FIG. 11 shows another embodiment which enables, when desired, to display white and black pictures of varied tones on the color picture tube 38c shown in FIG. 10. Normally, the three digital bit signals b1, b2 and b3 from the line buffer 39 are applied to color picture tube 38c via a transfer switch 51 to display color pictures as has been described in connection with FIG. 10. When the transfer switch 51 is thrown to the side of a decoder 50, three types of signals having magnitudes determined by the combinations of three bit digital signals b1, b2 and b3 are sent to the electron guns of the color picture tube 38c from decoder 50 so as to display white and black pictures whose tones are varied in eight steps on the display screen of the color picture tube 38c. The transfer switch 51 may have a construction as shown in FIG. 12 and includes a switch element 52.
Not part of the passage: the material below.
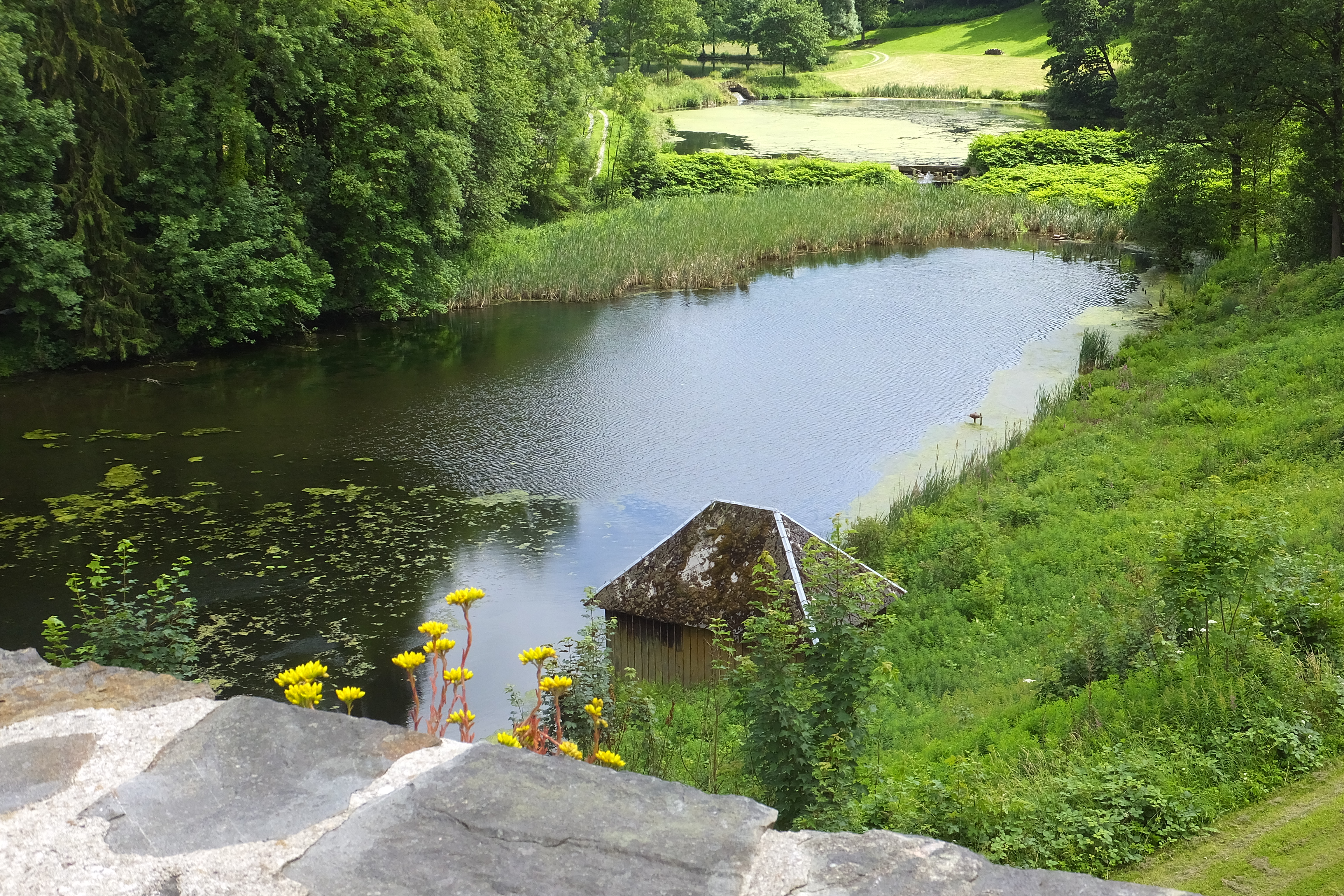 DSCF5997La vue des étangs, à partir de la terrasse du château, m’avait touchée. Elle servait de décor extérieur à la table d’écriture où je m’étais inscrit. L’angle de prise de vue était difficile à appréhender, le soleil d’été écrasait la lumière de l’écran de l’appareil photo. Un peu au jugé, j’en avais pris quelques exemplaires. Le résultat final, de la prise de vue sur mon pc était probant, l’adage chinois  » Une image vaut 10 000 mots » prenait son sens.

In a modification shown in FIG. 13, both white and black picture tube 38 and color picture tube 38c are used for simultaneously displaying a white and black picture and a color picture. The outputs from the line buffer 39 are applied to the white and black picture tube 38 via the digital-analogue converter 40 in a manner similar to FIG. 1, and also applied directly to the color picture tube 38c.

In the foregoing description, it was assumed that pulse generator 2 shown in FIG. 1 provides an output of a definite frequency (hence, pulse generator 34 also provides an output of a definite frequency) and that the scanning range extends from point P to point Q shown in FIG. 2. With this arrangement, however, as the scanning range is fixed, it is impossible to make fine diagnosis in a wider or narrower ranger. However, such disadvantage can be overcome by adding a plurality of trigger signal sources of different frequences to the timing circuit 1 as shown in FIG. 9 and by selectively connecting to the pulse generator 2 a trigger signal source having a desired frequency. As can be noted from the circuit construction shown in FIG. 1, since the outputs of pulse generators 34 and 2 have a definite frequency relationship, it is possible to magnify or reduce the scanning ranges in the directions A and B (see FIG. 2) at the same ratio thereby providing the same magnifying and reducing functions to that of the zoom lens utilized in a photographic camera.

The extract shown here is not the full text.